Given the availability of the C-terminal domain structure and its DNA binding activity, we also mutated residues on the basic surface patch (Figure 2), in both the isolated domain and the full-length H-subunit: R517E, K539E and 3M (K492E+K499E+K500E). We tested DNA binding, ATPase and nuclease activities (Supplementary Information, Supplementary Figures S7-S10, Supplementary Tables S3-S5). The results support a role for the C-terminal domain basic surface patch in binding to DNA and in the coupling DNA binding to ATP hydrolysis and long-range communication necessary for DNA cleavage (Supplementary Information).
The importance of H-subunit domain connectivity and complete heterotetrameric assembly to the activity of CglI
Since the isolated domains and domain fusions of H.CglI have biochemical activity, we reasoned that it may be possible to reconstitute full RE activity using different combinations of the domains/domain fusions along with the full-length R.CglI. We tested this by mixing different protein combinations at 1:1 stoichiometry, and then following the cleavage of pBR322 (contains 21 CglI target) at a reaction endpoint (37°C for 1 h), conditions under which the wild type proteins cut the DNA multiple times (Figure 5C). Although background levels of DNA cleavage were observed with some combinations, only the full-length H-subunit produced efficient DNA cleavage activity with the R-subunit. A similar conclusion could be drawn from measurements of ATP hydrolysis using combinations of the domains (Supplementary Table S5). This may be the consequence of inter-domain motions during ATP hydrolysis that cause disassembly of the complex unless the domains are connected as a single polypeptide. We note however that the DEAD-Z1 fusion was still capable of ATP hydrolysis, albeit 20-fold reduced compared to the full complex.

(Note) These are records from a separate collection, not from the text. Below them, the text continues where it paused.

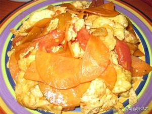 5、放放胡萝卜片炒2分钟,加入西红柿炒半分钟,放入烹好的鸡蛋翻炒。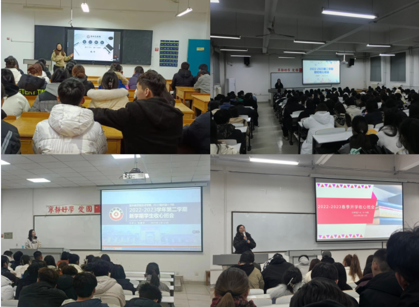接下来辅导员们根据各年级学生的特点针对性地开展班会,并要强调了四项内容:一是校园管理办法,本学期起启用校门智能门禁系统,学生严格按照要求执行请销假制度;二是坚持身体健康自查。入校后有发热、咳嗽、乏力、咽痛等症状时,要主动如实报告,及时就诊,如确诊新冠病毒感染,根据医生指导进行相应治疗,并及时向辅导员及学院报告。三是关注个人人身财产安全,要警惕传销陷阱、辨别招聘信息安全、防范求职面试骗局、谨防网络电信诈骗、提高交通安全意识,确保自身人身财产安全;四是宿舍安全卫生,严查夜不归宿,不使用大功率用电器,严禁携带易燃易爆物品进入宿舍,确保有一个安全整洁舒适的居住环境。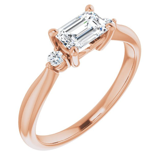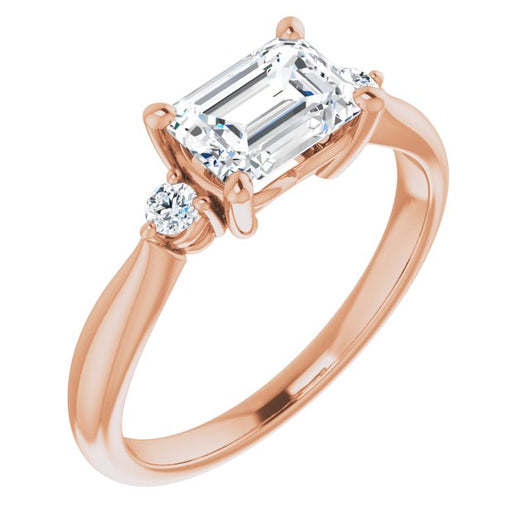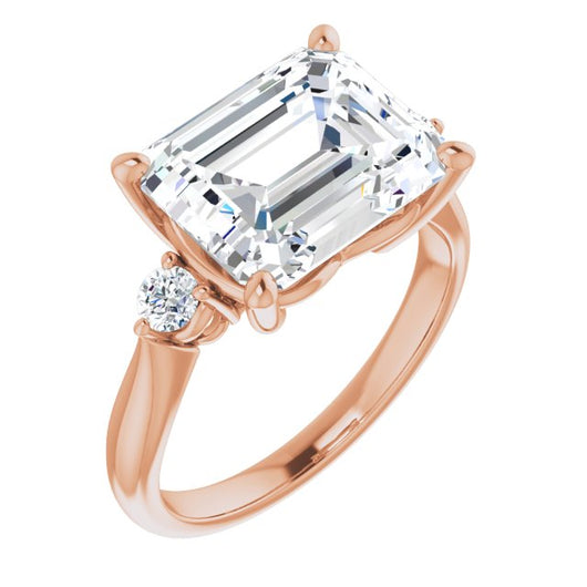 10K Rose Gold Customizable 3-stone Emerald/Radiant Cut Design with Twin Petite Round Accents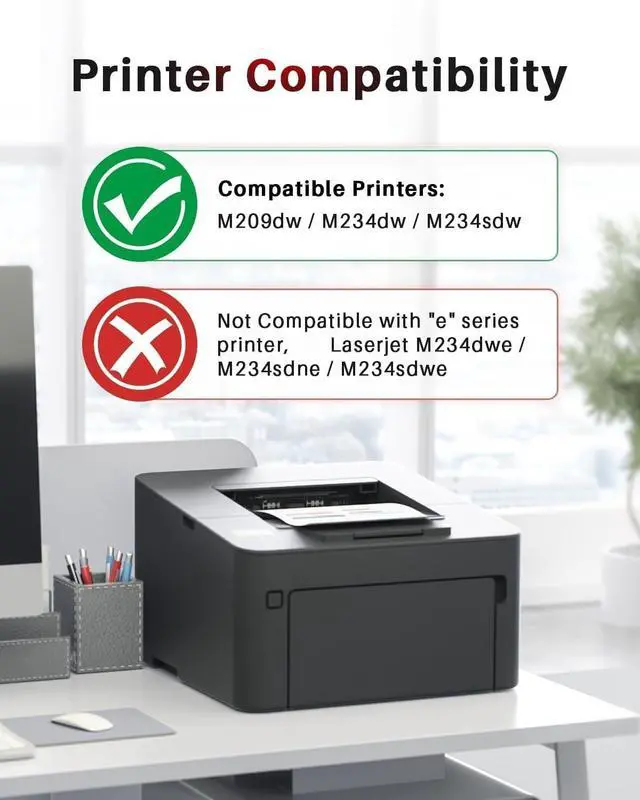 ^^ Warm Tip: 134A W1340A Toner Cartridges Not compatible with e series printer, Such as M234dwe M234sdne M234sdwe printer. When installing the cartridge, you see the computer Cartridge Low message, this will not affect the printing, please skip and continue printing.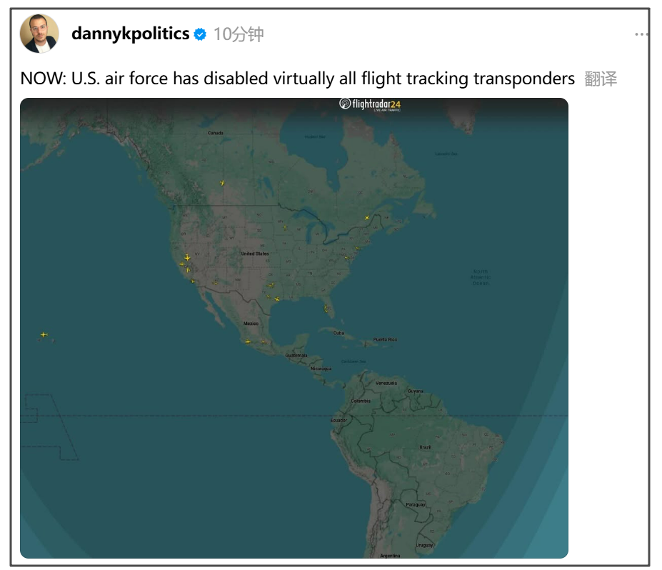 社交媒體消息顯示,根據(jù)實(shí)時(shí)航班追蹤器FlightRadar24信息,整個(gè)美國(guó)空軍幾乎關(guān)閉了所有飛行跟蹤應(yīng)答器。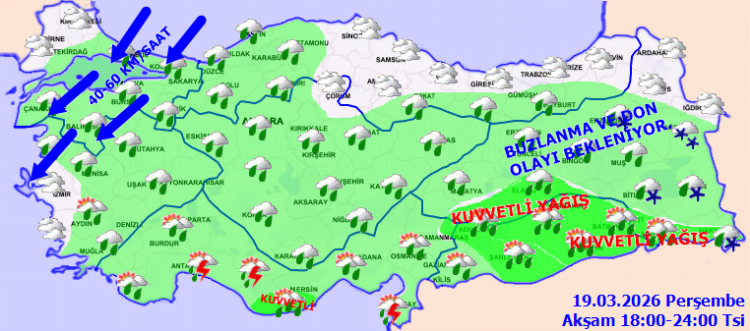 Özellikle Güneydoğu Anadolu’nun büyük kısmı ile Mersin, Adana, Hatay, Osmaniye ve bazı doğu illerinde yağışların yer yer kuvvetli olacağı uyarısı yapıldı. Marmara ve Kuzey Ege kıyılarında ise rüzgarın kuzeyli yönlerden saatte 40-70 kilometre hızla eserek kısa süreli fırtınaya dönüşmesi bekleniyor.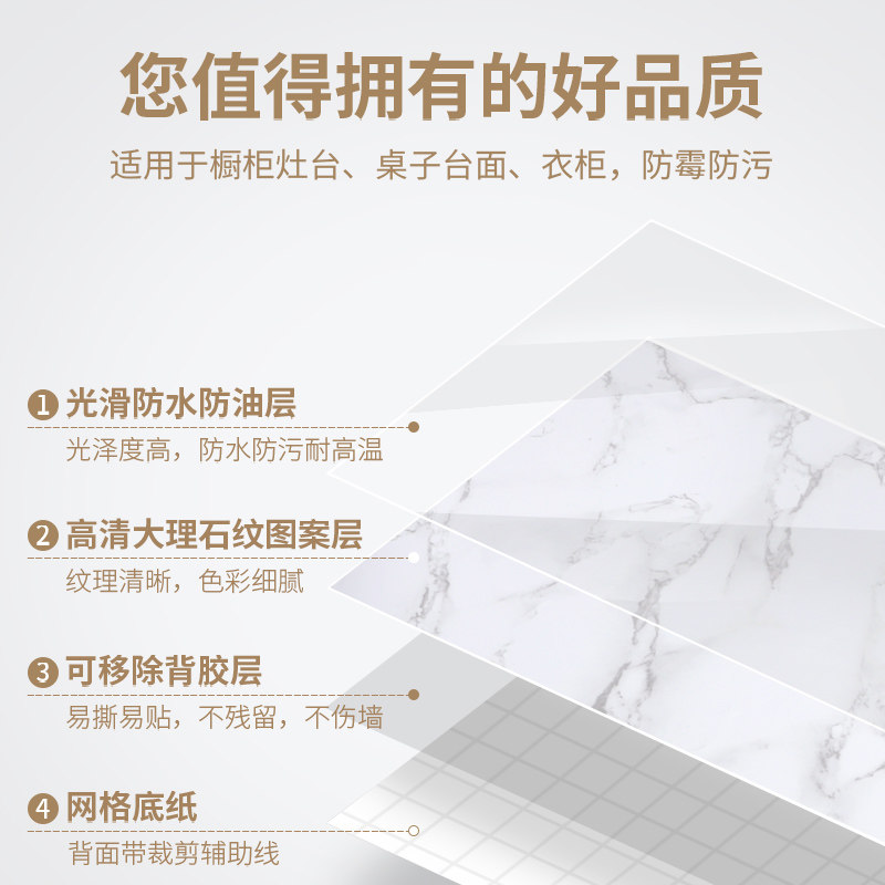 Kitchen oil-proof sticker waterproof self-adhesive wallpaper countertop cabinet cabinet refurbished ceramic tile moisture-proof stove marble sticker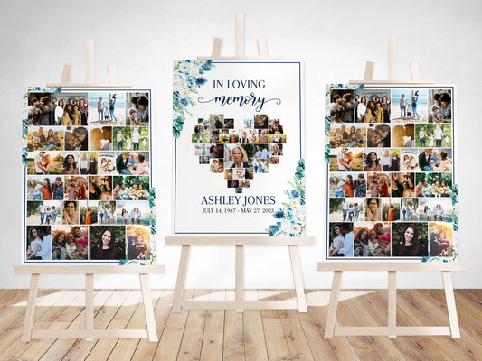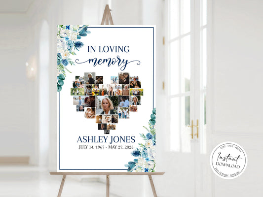 In Loving Memory Blue White Floral Heart Photo Collage Funeral Welcome Sign Templates B1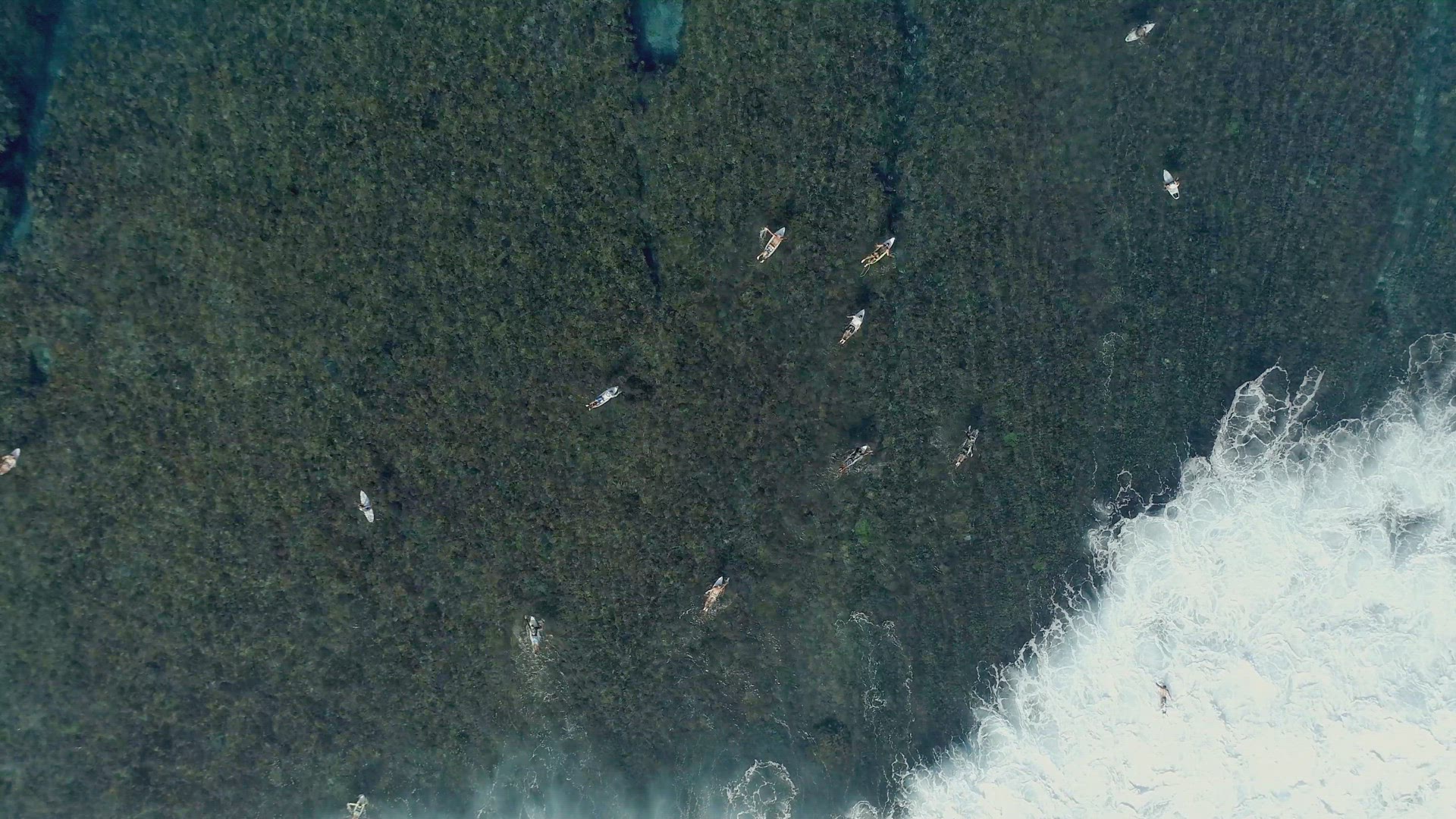 2243897 - Surfers in the Ocean Catching Waves from a Bird's Eye View

This data suggests that the DEAD, Z1 and C-terminal domains are all required for full RE activity. A key mechanistic question is why CglI is active as a tetramer with two H-subunits. Given our model and data, there are two separate helicase motors (Figure 1B). In the cleavage model, an R2H2 complex must translocate along DNA to communicate with a second enzyme at a distant target site. However, it isn’t immediately obvious why two motors would be needed. To begin to approach this problem, we isolated an R2H2 CglI complex without one C-terminal domain (R2HΔH.CglI) (Supplementary Information, Supplementary Figure S4). This complex assembles into the expected heterotetrametric complex (Supplementary Table S2). Surprisingly, this complex had a >5-fold reduction in ATPase activity (Supplementary Table S5) and a corresponding ∼60-fold reduction in the rate of cleavage of a one-site plasmid DNA (Figure 5D, Supplementary Table S4). Despite not being part of the dimerization interface (6), it appears that the C-terminal domains of both H-subunits are necessary for efficient ATPase and DNA cleavage activities.
Small angle X-ray scattering analysis of H.CglI
Based on gel filtration analysis (Supplementary Table S2) and the Mw calculated from SAXS data (76), H.CglI is a dimer in solution with the dimer interface being the RecA-like Z1 domains (6). In the absence of diffracting crystals, we used small angle X-ray scattering to provide further structural information on the overall shape of the H.CglI dimer that could help refine the model in Figure 1B and which could help to resolve whether both motors are cooperating in DNA translocation.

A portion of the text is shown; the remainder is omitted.